_Problem requirements_
Output each line exactly as written, from the first line of the records to the line bearing "It’s the end", inclusive, while leaving every picture out.
::::
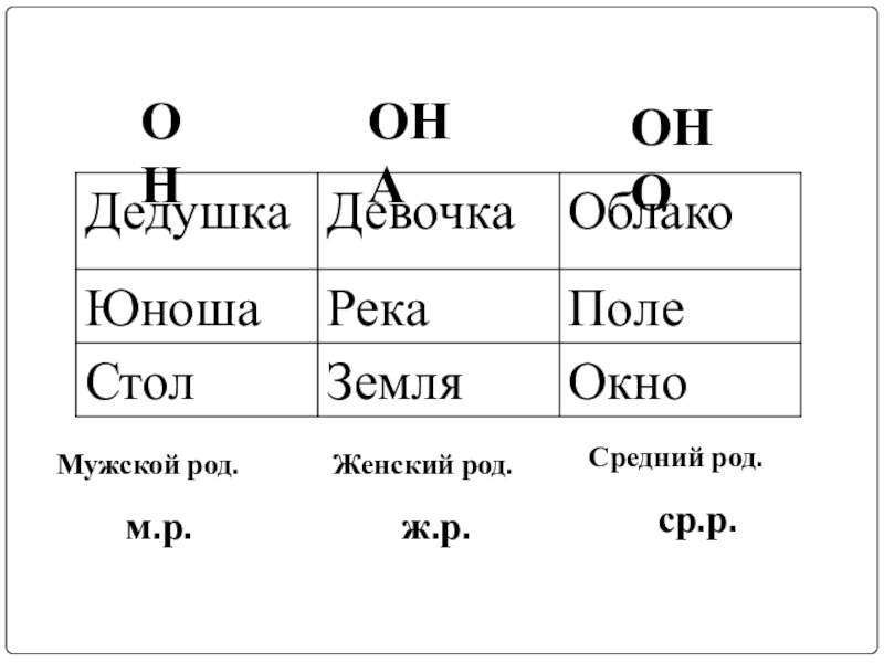 ОНОНАОНОМужской род.м.р.Женский род.ж.р.Средний род.ср.р.
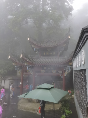 来到上禅堂后院,可以看到观音阁,其内供奉着九华山唯一一尊滴水观音,其观音像下有泉,名金沙泉。其泉清澈见底、金沙剔亮、四时不竭、如游龙出洞。入口则沁人心脾;擦洗则耳聪目明。其泉岩石上镌有“金沙泉”三个大字,相传为唐诗人李白手书。泉边有树,名曰-金钱树,为九华山三宝之一。
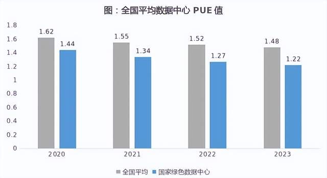 在国家大力推动绿色数据中心建设的背景下,我国数据中心的平均电能利用效率呈现逐步提升的趋势。PUE(电能利用效率,Power Usage Efficiency)是用来衡量数据中心用能效率的关键指标,代表数据中心消耗的所有能源与IT设备消耗的能源之比,PUE=1最为理想,意味着所有能耗都用于服务器设备运转,无其他能耗开销。近几年,全国数据中心的PUE值呈下降趋势,国家绿色数据中心的评级PUE值已降至1.22,有效发挥标杆引领作用。
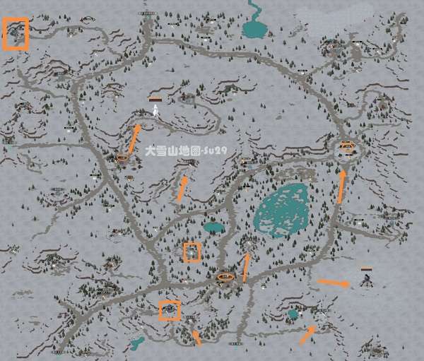 1、玩家可以按照上图的标记来快速的了解大雪山地图。
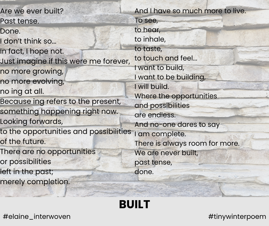 It’s the end of the winter in Europe, and I accepted the challenge from the English writer Beth Kempton to join in with #tinywinterpoem. One poem a day for the last week of winter, with a one word prompt from the Beth and ten minutes to capture words with no editing. The invitation was then to share, which feels a much bigger challenge. I love writing, and I love sharing my blog because I’m not sure that there are that many people who have found me, and so it feels very safe! So, let’s begin here, and from here perhaps the next step will be to share them each on my social media pages, with the next step being to tag @bethkempton…
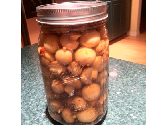 Wash mushrooms and place in saucepan. Cover with water and boil for 20 minutes. Drain and return to saucepan . Cover. With vinegar and add seasonings. Return to boil. Take of heat and put into jars.
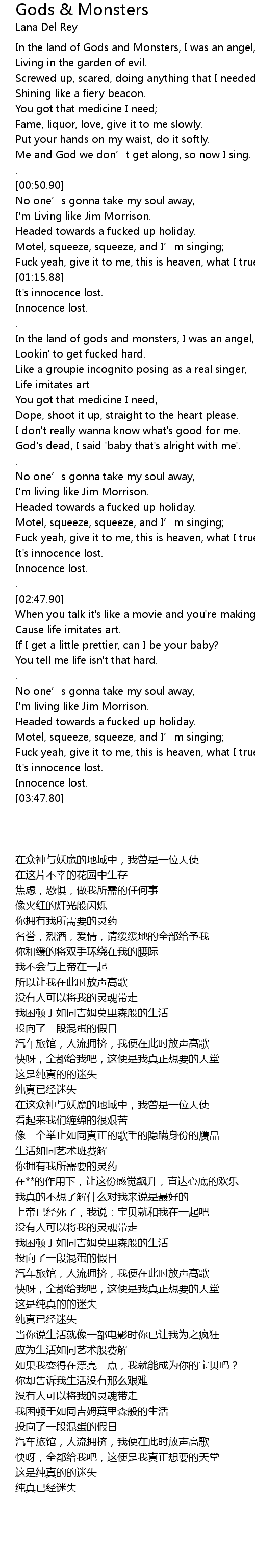 | [00:09.73] | In the land of Gods and Monsters, I was an angel, |
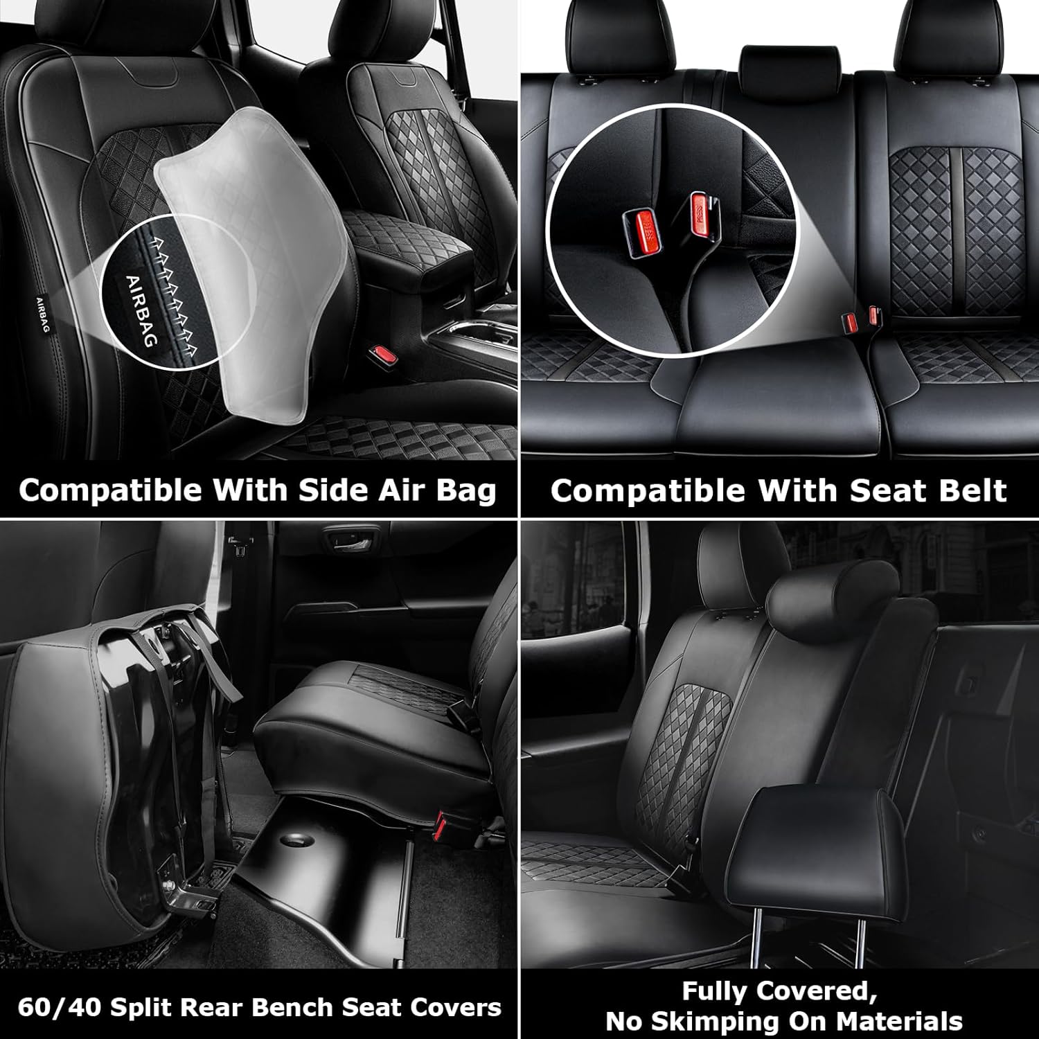 KEEP SAFETY : Our full set seat covers are designed to be compatible with side airbags and seat belt ensuring that your Tacomas safety features are not compromised. Overall these seat covers are a must-have for any Tacoma owner who wants to keep their vehicles interior looking new and protected while also ensuring the safety of the passengers.
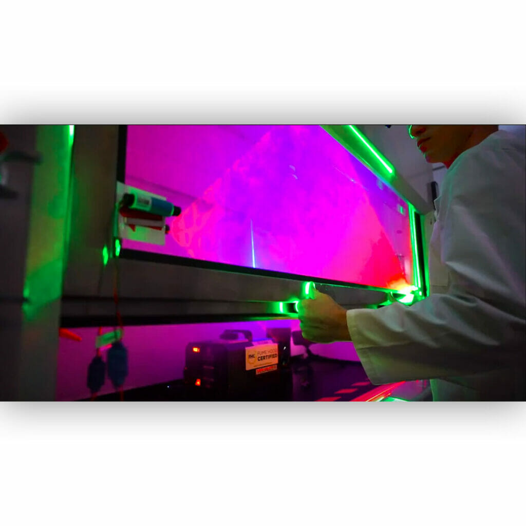 Traditional methods of assessing fume hood performance often fall short in illustrating complex airflow behaviors. The Tri-Color Fume Hood Visualizer addresses this gap by utilizing vapor haze and laser technology to render airflow patterns visible. This real-time visualization allows users to observe and analyze the dynamics within and around the fume hood, leading to a deeper understanding of its operational efficiency.
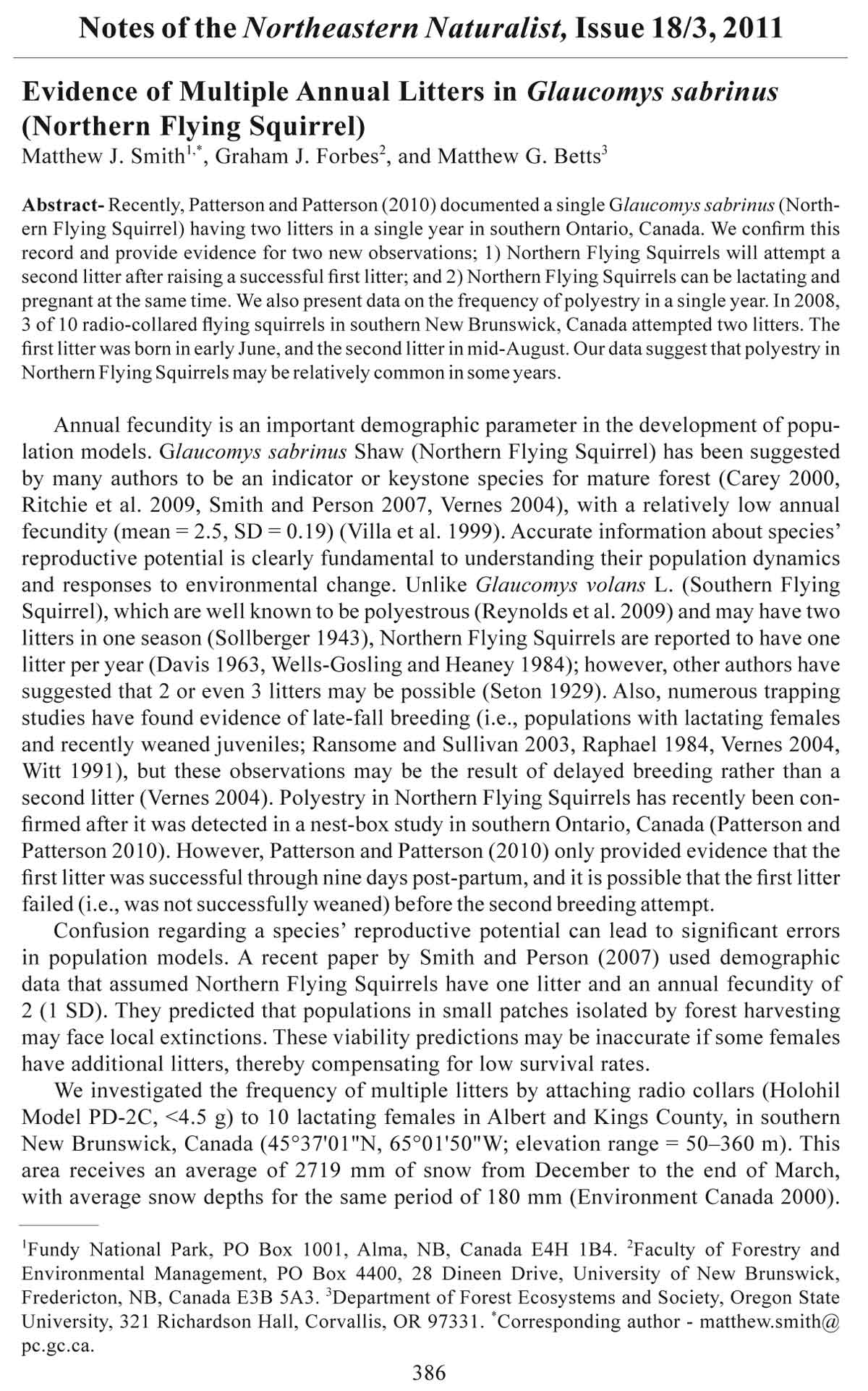 Patterson, J.E.H., and S.J. Patterson. 2010. Multiple annual litters in Glaucomys sabrinus (Northern
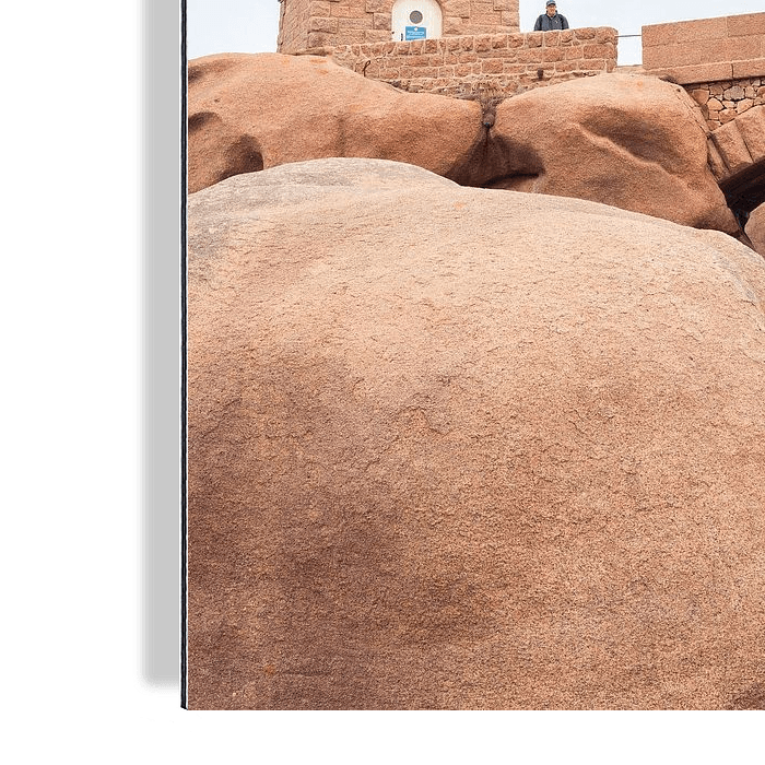 De toren, officieel bekend als Phare de Mean Ruz, markeert een van de meest karakteristieke punten van de Côte de Granit Rose. Zijn kleur en textuur sluiten naadloos aan bij de natuurlijke vormen van het omliggende gesteente. Op de voorgrond liggen massieve, afgeronde rotsen in roze tot roodbruine tinten — gevormd door miljoenen jaren erosie.
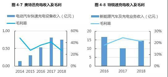 以奧特迅和特銳德2家運(yùn)營商的充電業(yè)務(wù)經(jīng)營情況為例,2014-2018年我國電動(dòng)汽車充電樁運(yùn)營商充電營業(yè)收入呈現(xiàn)出波動(dòng)上升的局面,這是由于市場競爭大,行業(yè)受宏觀政策影響較大。此外,特銳德毛利率維持在20%左右,而奧特迅毛利率較高,但在2018年兩家公司毛利率均呈現(xiàn)下降趨勢。
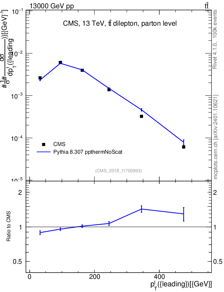 Lines: data, pythia8 8.307 ppthermNoScat |
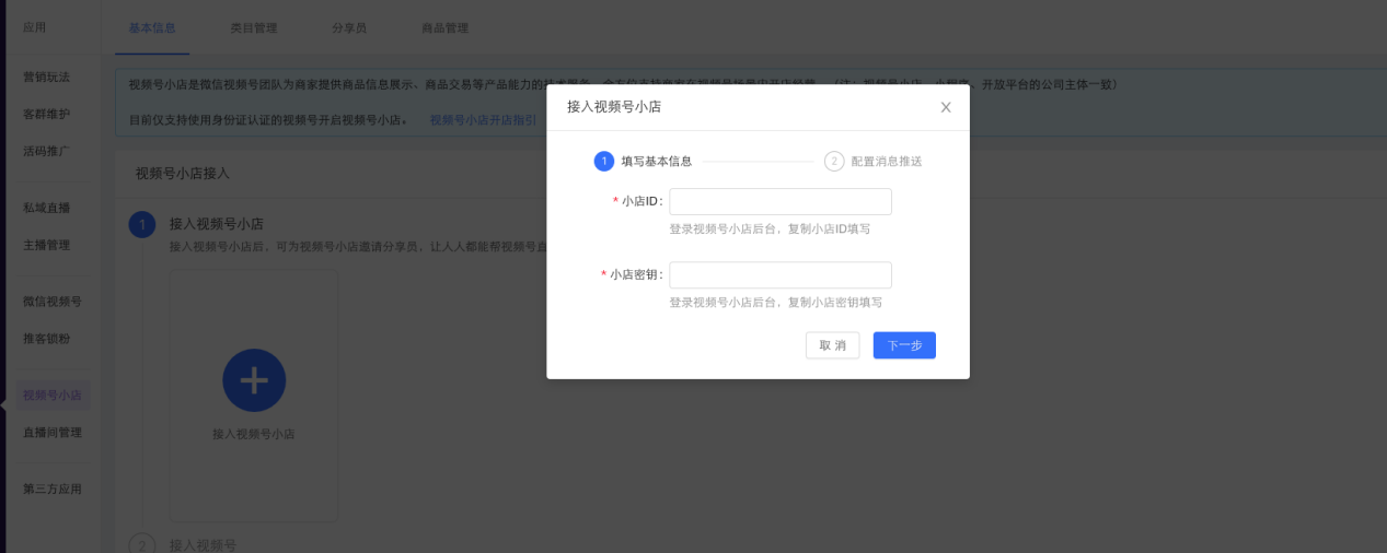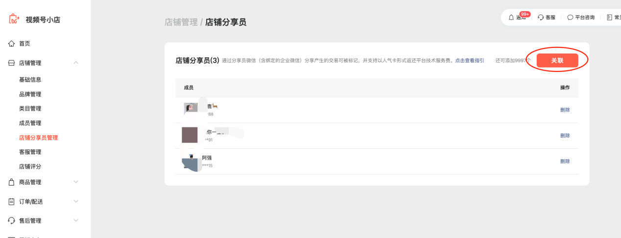 7.1添加店鋪分享員,登錄視頻號小店后臺進行關聯(lián)操作
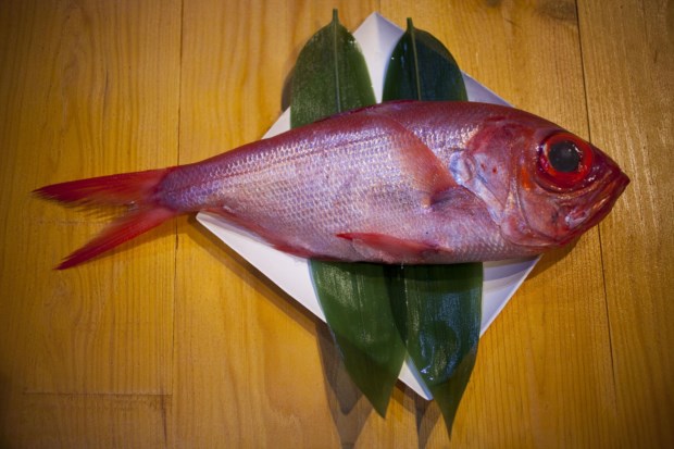 Na bancada à frente do sushiman Paulo Morais estão vários peixes pousados sobre o gelo. Paulo vai pegando neles e preparando-os em sashimi, para o sushi ou para os restantes pratos que trouxe para o festival saídos da carta do restaurante Rabo d’Pêxe, em Lisboa. Quando lhe pedimos para escolher um, opta pelo alfonsino, vermelho, olhos grandes, ar fresquíssimo. Acha que é um peixe pouco valorizado em Portugal (onde existe nas águas dos Açores) porque fica sempre à sombra do seu “primo” mais popular, o imperador. No festival, os clientes têm a mesma opção que no restaurante: escolhem o peixe (o alfonsino ou outro) e este é cozinhado de três maneiras, uma parte é utilizada para fazer sushi e sashimi, a outra para grelhar e a cabeça para fritar.
::::
_Answer to the problem_
 ОНОНАОНОМужской род.м.р.Женский род.ж.р.Средний род.ср.р.
 来到上禅堂后院,可以看到观音阁,其内供奉着九华山唯一一尊滴水观音,其观音像下有泉,名金沙泉。其泉清澈见底、金沙剔亮、四时不竭、如游龙出洞。入口则沁人心脾;擦洗则耳聪目明。其泉岩石上镌有“金沙泉”三个大字,相传为唐诗人李白手书。泉边有树,名曰-金钱树,为九华山三宝之一。
 在国家大力推动绿色数据中心建设的背景下,我国数据中心的平均电能利用效率呈现逐步提升的趋势。PUE(电能利用效率,Power Usage Efficiency)是用来衡量数据中心用能效率的关键指标,代表数据中心消耗的所有能源与IT设备消耗的能源之比,PUE=1最为理想,意味着所有能耗都用于服务器设备运转,无其他能耗开销。近几年,全国数据中心的PUE值呈下降趋势,国家绿色数据中心的评级PUE值已降至1.22,有效发挥标杆引领作用。
 1、玩家可以按照上图的标记来快速的了解大雪山地图。
 It’s the end of the winter in Europe, and I accepted the challenge from the English writer Beth Kempton to join in with #tinywinterpoem. One poem a day for the last week of winter, with a one word prompt from the Beth and ten minutes to capture words with no editing. The invitation was then to share, which feels a much bigger challenge. I love writing, and I love sharing my blog because I’m not sure that there are that many people who have found me, and so it feels very safe! So, let’s begin here, and from here perhaps the next step will be to share them each on my social media pages, with the next step being to tag @bethkempton…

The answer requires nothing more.